All of the listing should be output exactly, apart from the pictures.

Data shown:
= Beginning of Section =
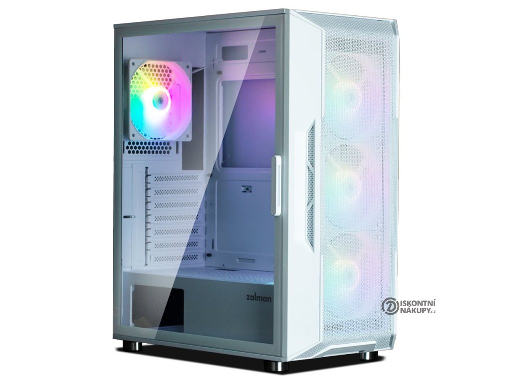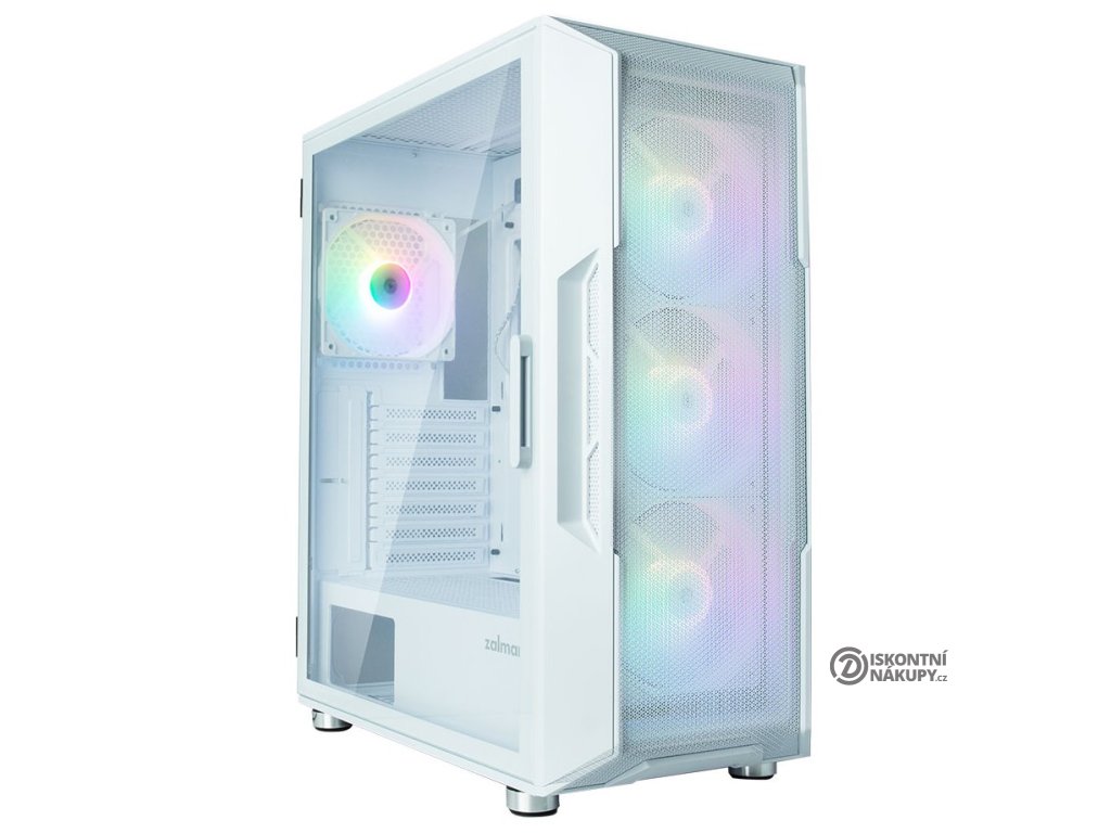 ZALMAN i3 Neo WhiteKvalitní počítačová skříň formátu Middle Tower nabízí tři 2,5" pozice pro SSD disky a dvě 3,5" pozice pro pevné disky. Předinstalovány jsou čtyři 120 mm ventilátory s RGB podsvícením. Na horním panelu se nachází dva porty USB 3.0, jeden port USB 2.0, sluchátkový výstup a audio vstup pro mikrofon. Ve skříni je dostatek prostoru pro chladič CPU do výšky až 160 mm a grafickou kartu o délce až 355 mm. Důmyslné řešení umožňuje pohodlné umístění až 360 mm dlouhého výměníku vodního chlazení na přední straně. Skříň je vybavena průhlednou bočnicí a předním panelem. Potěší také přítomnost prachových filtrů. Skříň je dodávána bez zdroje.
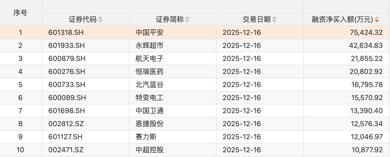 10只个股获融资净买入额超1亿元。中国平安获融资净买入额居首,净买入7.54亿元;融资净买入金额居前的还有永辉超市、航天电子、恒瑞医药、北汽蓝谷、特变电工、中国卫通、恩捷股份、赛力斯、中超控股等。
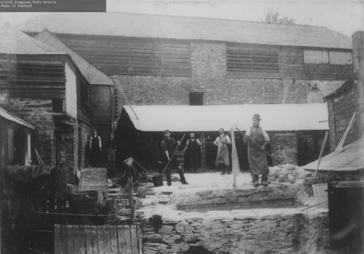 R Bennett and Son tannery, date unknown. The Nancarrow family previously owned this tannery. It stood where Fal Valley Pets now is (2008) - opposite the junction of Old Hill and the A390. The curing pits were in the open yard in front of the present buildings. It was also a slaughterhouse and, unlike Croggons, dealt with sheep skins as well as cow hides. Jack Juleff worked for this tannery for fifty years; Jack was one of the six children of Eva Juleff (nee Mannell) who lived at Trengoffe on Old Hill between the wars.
= End of Section =
The completed task:
 ZALMAN i3 Neo WhiteKvalitní počítačová skříň formátu Middle Tower nabízí tři 2,5" pozice pro SSD disky a dvě 3,5" pozice pro pevné disky. Předinstalovány jsou čtyři 120 mm ventilátory s RGB podsvícením. Na horním panelu se nachází dva porty USB 3.0, jeden port USB 2.0, sluchátkový výstup a audio vstup pro mikrofon. Ve skříni je dostatek prostoru pro chladič CPU do výšky až 160 mm a grafickou kartu o délce až 355 mm. Důmyslné řešení umožňuje pohodlné umístění až 360 mm dlouhého výměníku vodního chlazení na přední straně. Skříň je vybavena průhlednou bočnicí a předním panelem. Potěší také přítomnost prachových filtrů. Skříň je dodávána bez zdroje.
 10只个股获融资净买入额超1亿元。中国平安获融资净买入额居首,净买入7.54亿元;融资净买入金额居前的还有永辉超市、航天电子、恒瑞医药、北汽蓝谷、特变电工、中国卫通、恩捷股份、赛力斯、中超控股等。
 R Bennett and Son tannery, date unknown. The Nancarrow family previously owned this tannery. It stood where Fal Valley Pets now is (2008) - opposite the junction of Old Hill and the A390. The curing pits were in the open yard in front of the present buildings. It was also a slaughterhouse and, unlike Croggons, dealt with sheep skins as well as cow hides. Jack Juleff worked for this tannery for fifty years; Jack was one of the six children of Eva Juleff (nee Mannell) who lived at Trengoffe on Old Hill between the wars.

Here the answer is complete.